Task prompt -> All that should be output is the block of lines below from the line with "- Hoa văn chạm" to the line with "Extra long correction", both included, exactly as written.

Material shown ->
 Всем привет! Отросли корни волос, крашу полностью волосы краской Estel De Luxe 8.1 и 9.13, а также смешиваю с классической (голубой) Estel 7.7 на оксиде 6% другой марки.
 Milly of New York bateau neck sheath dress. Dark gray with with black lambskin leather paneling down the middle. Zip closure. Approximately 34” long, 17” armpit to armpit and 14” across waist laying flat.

--

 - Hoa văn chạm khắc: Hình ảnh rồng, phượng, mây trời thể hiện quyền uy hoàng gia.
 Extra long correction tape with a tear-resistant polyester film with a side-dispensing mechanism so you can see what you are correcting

Exercise response ->
 - Hoa văn chạm khắc: Hình ảnh rồng, phượng, mây trời thể hiện quyền uy hoàng gia.
 Extra long correction tape with a tear-resistant polyester film with a side-dispensing mechanism so you can see what you are correcting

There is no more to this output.